It will cause the compiler to catch unintentional mutations (by causing an error if a function marked const unintintionally calls a non-const function or mutates an element).
Yes, it is a good practice.
At the software engineering level it allows you to have read-only objects, e.g. you can prevent objects from being modified by making them const. And if an object is const, you are only allowed to call const functions on it.
Furthermore, I believe the compiler can make certain optimizations if it he knows that an object will only be read (e.g., share common data between several instances of the object as we know they are never being modified).
The 'const' system is one of the really messy features of C++. It is simple in concept, variables declared with ‘const’ added become constants and cannot be altered by the program, but, in the way is has to be used to bodge in a substitute for one of the missing features of C++, it gets horridly complicated and frustratingly restrictive. The following attempts to explain how 'const' is used and why it exists. Of the mixes of pointers and ‘const’, the constant pointer to a variable is useful for storage that can be changed in value but not moved in memory and the pointer (constant or otherwise) is useful for returning constant strings and arrays from functions which, because they are implemented as pointers, the program could otherwise try to alter and crash. Instead of a difficult to track down crash, the attempt to alter unalterable values will be detected during compilation.

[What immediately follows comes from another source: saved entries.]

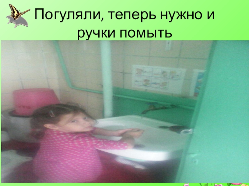 Слайд 11Погуляли, теперь нужно и ручки помыть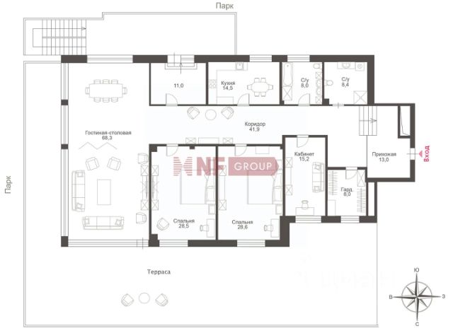 Планировкой квартиры предусмотрено: кухня с выделенной обеденной зоной, гостиная с современным камином, 4 спальные комнаты, две гардеробные, 4 санузла, включая гостевой. Отдельного внимания заслуживает просторная терраса, где оборудована зона барбекю для встречи гостей и совместного отдыха. В настоящее время в квартире идут ремонтные работы, - отличная возможность обустроить пространство в соответствии с Вашими идеями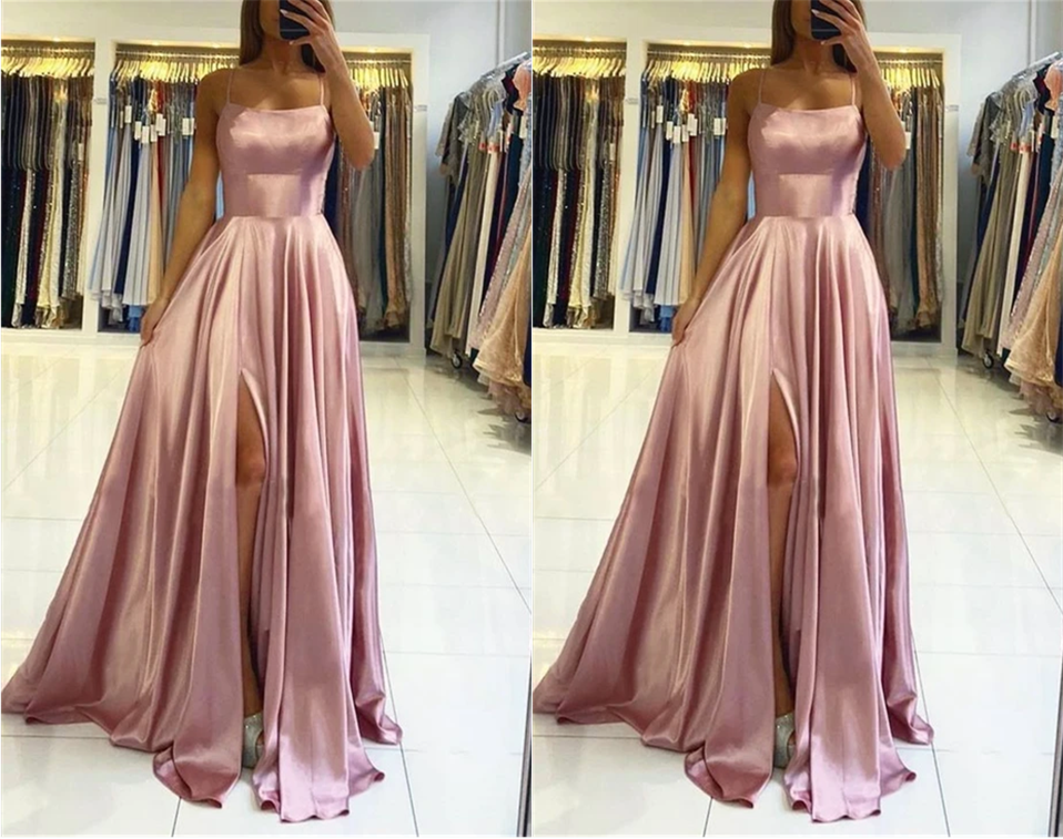 Spaghetti Straps Satin Long Prom Dresses Side Slit Sleeveless Womens Dresses Long Evening Dresses,GD085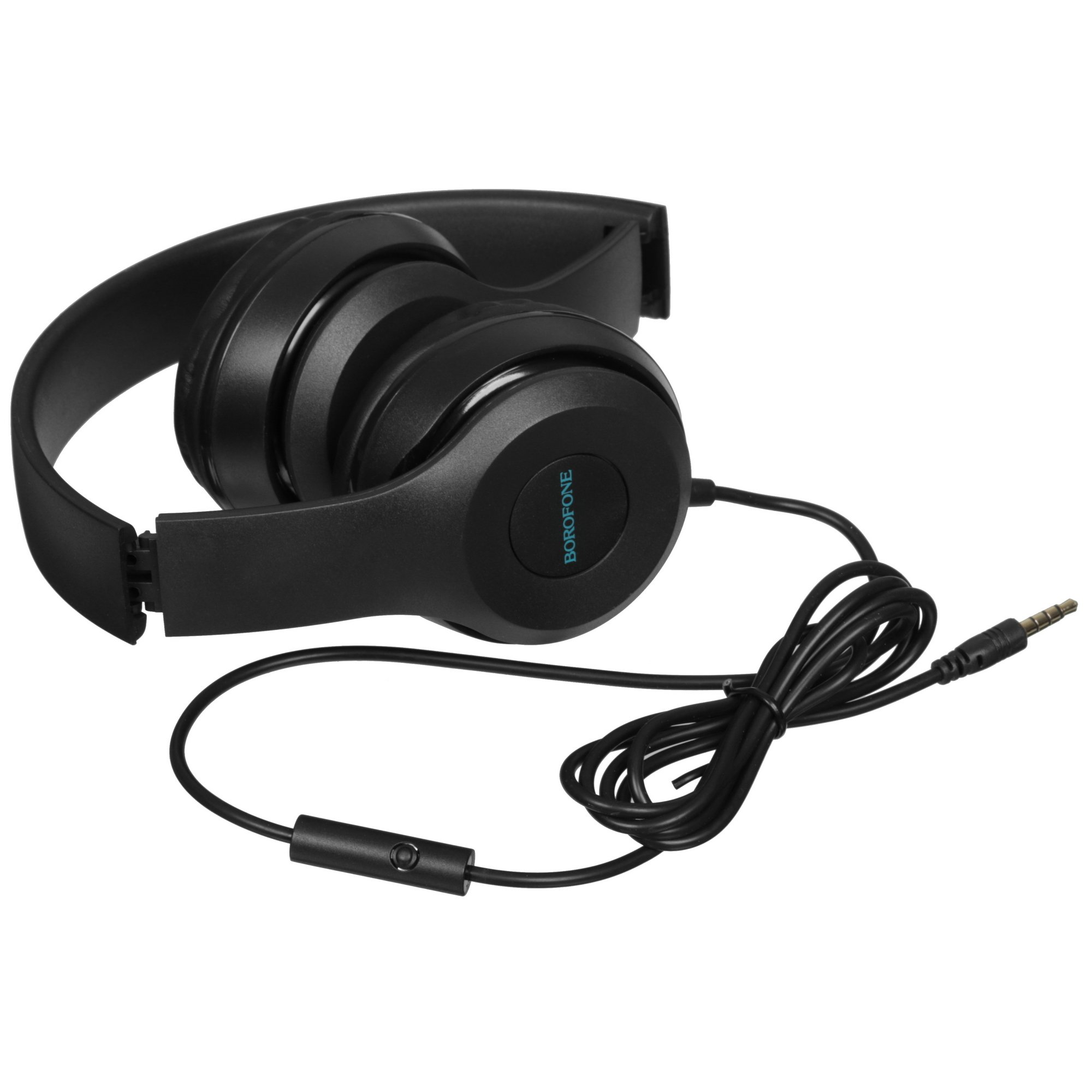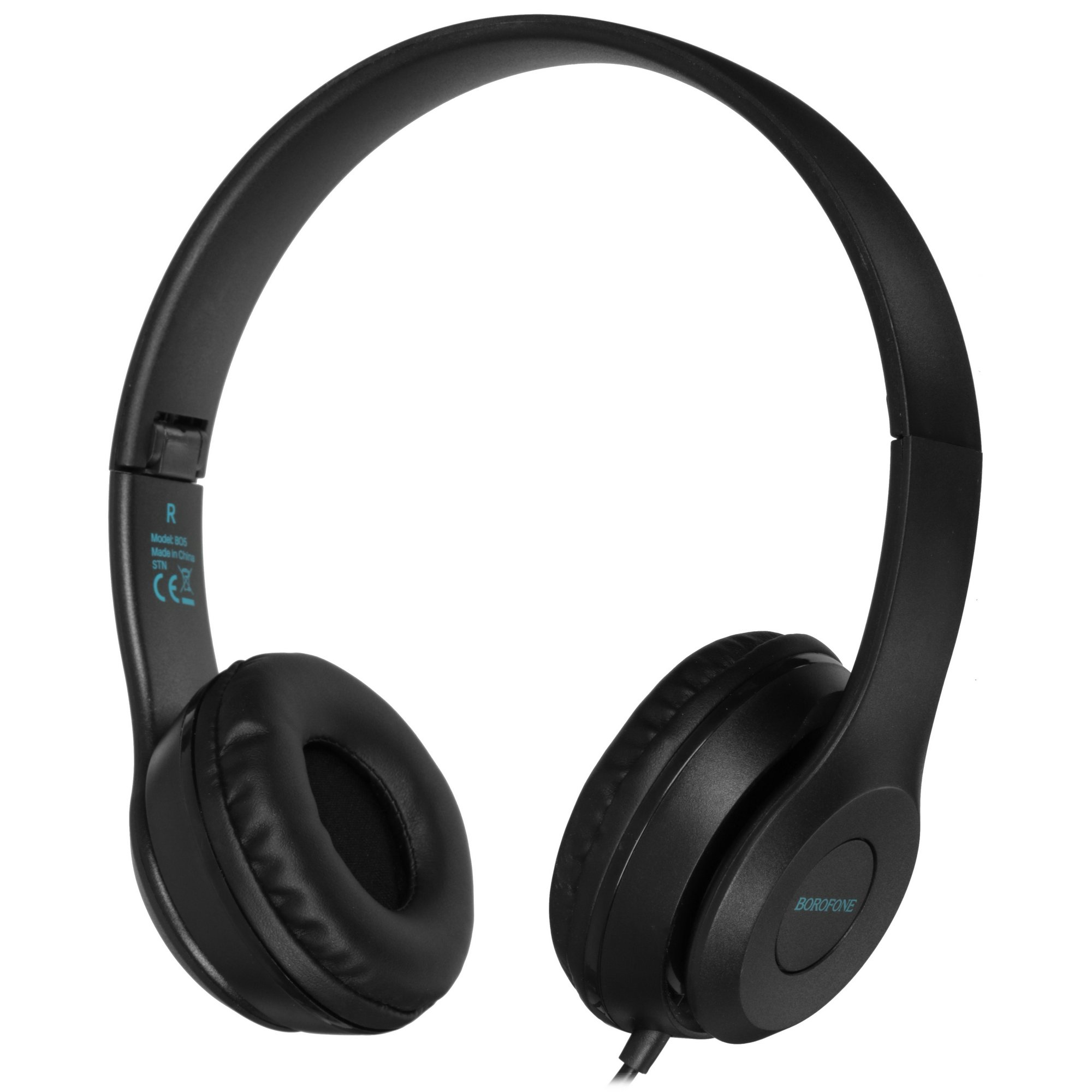 Borofone BO5 - проводные накладные наушники с микрофоном, аудио штекером 3.5 мм, одной кнопкой для управления и кабелем длиной 1.2 м.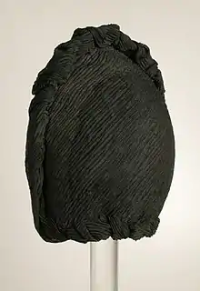 Woman's mourning bonnet in hard crape, c.1880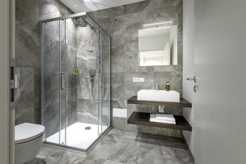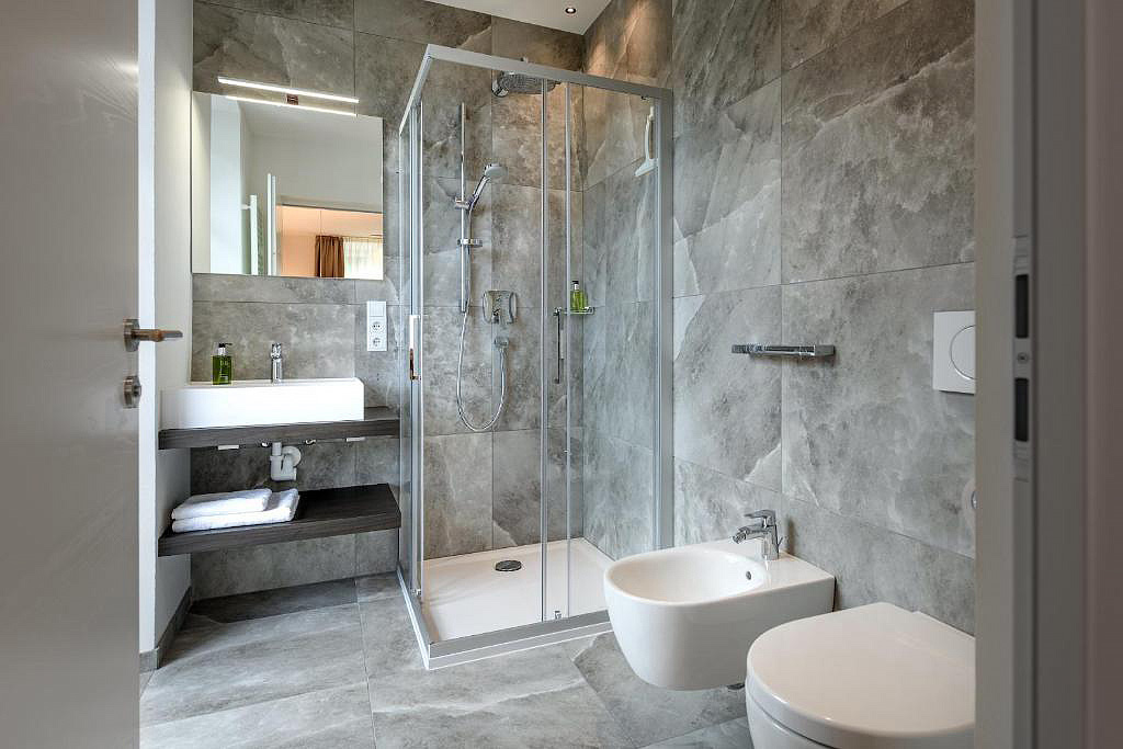 bilo 4 Greta - 43 m² – 1 ložnice s manželskou postelí, obývací pokoj s kuchyňským koutem a rozkládacím gaučem pro 2 osoby, sociální zařízení, 2x balkon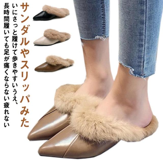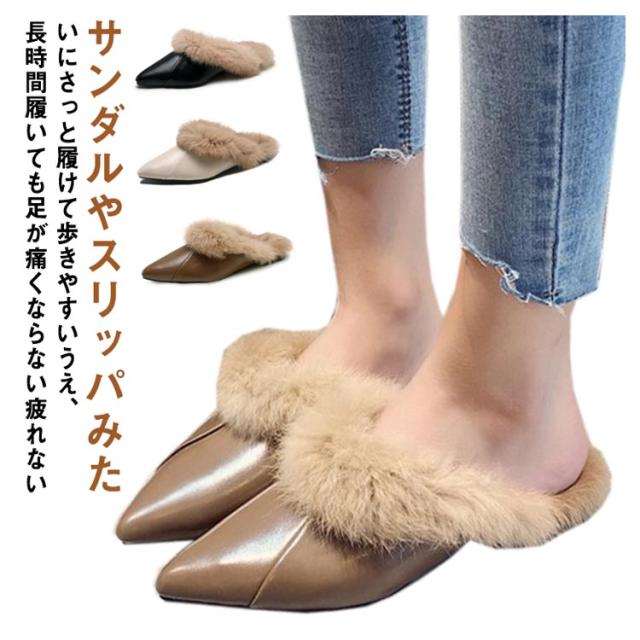 ファーサンダル レディース 靴 シューズ ローファー フェイクファー きれいめ ローヒール スリッポン ファー付スリッポン ローファースリッポン スリッポン もこもこ モコモコ ふわふわ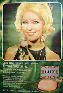 Ünlü film ve ses yıldızımız Emel Sayın'da Lux'ün bol ve okşayan köpüğüne hayran... "Pürüzsüz bir cilt kadında güzelliğin temelidir... Cilt ve vücut bakımı için Lux fevkalade bir tuvalet sabunu... Bu yüzden Lux'ü banyomdan eksik etmiyorum. Siz de benim gibi yapın." Lux yıldızların güzellik sabunu...1973 |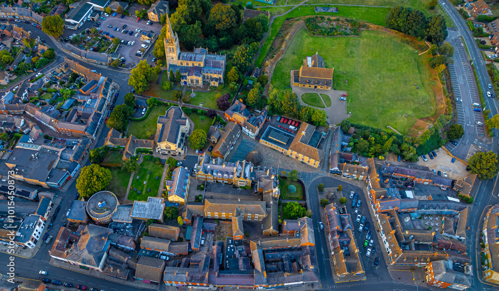 Aerial view of All saint church in Oakham, a market town and civil parish in Rutland in the East Midlands of England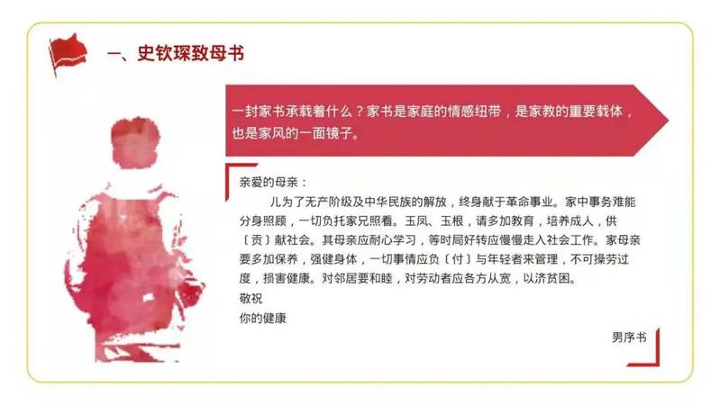 这一封封真挚的家书,让我动容,泪湿眼眶。在那段岁月长河中,先辈们舍生忘死,舍小家为大家,抱着一颗对祖国的拳拳之心,保护国家,保护山河。作为一名新时代的党员,更应该努力奋斗,为中华民族的伟大复兴尽自己的一份力量。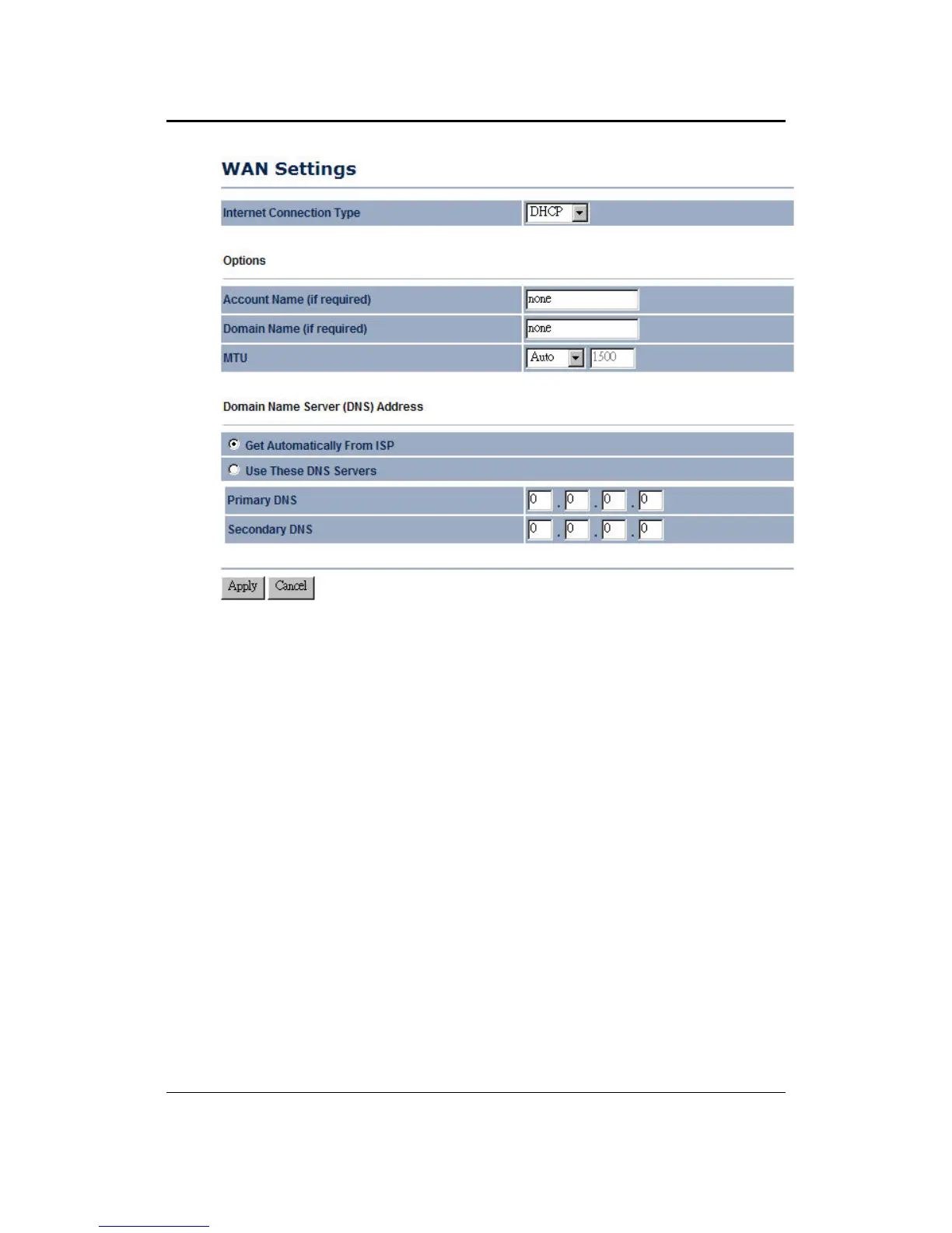 Domain Name Server: Select Get Automatically from ISP if the ISP will provide

For example, if a function which returns a fixed ‘Some text’ string is written like
char *Function1()
{ return “Some text”;}
then the program could crash if it accidentally tried to alter the value doing
Function1()[1]=’a’;
whereas the compiler would have spotted the error if the original function had been written
const char *Function1()
{ return "Some text";}
because the compiler would then know that the value was unalterable. (Of course, the compiler could theoretically have worked that out anyway but C is not that clever.)
When a subroutine or function is called with parameters, variables passed as the parameters might be read from to transfer data into the subroutine/function, written to to transfer data back to the calling program or both to do both. Some languages enable one to specify this directly, such as having ‘in:’, ‘out:’ & ‘inout:’ parameter types, whereas in C one has to work at a lower level and specify the method for passing the variables choosing one that also allows the desired data transfer direction.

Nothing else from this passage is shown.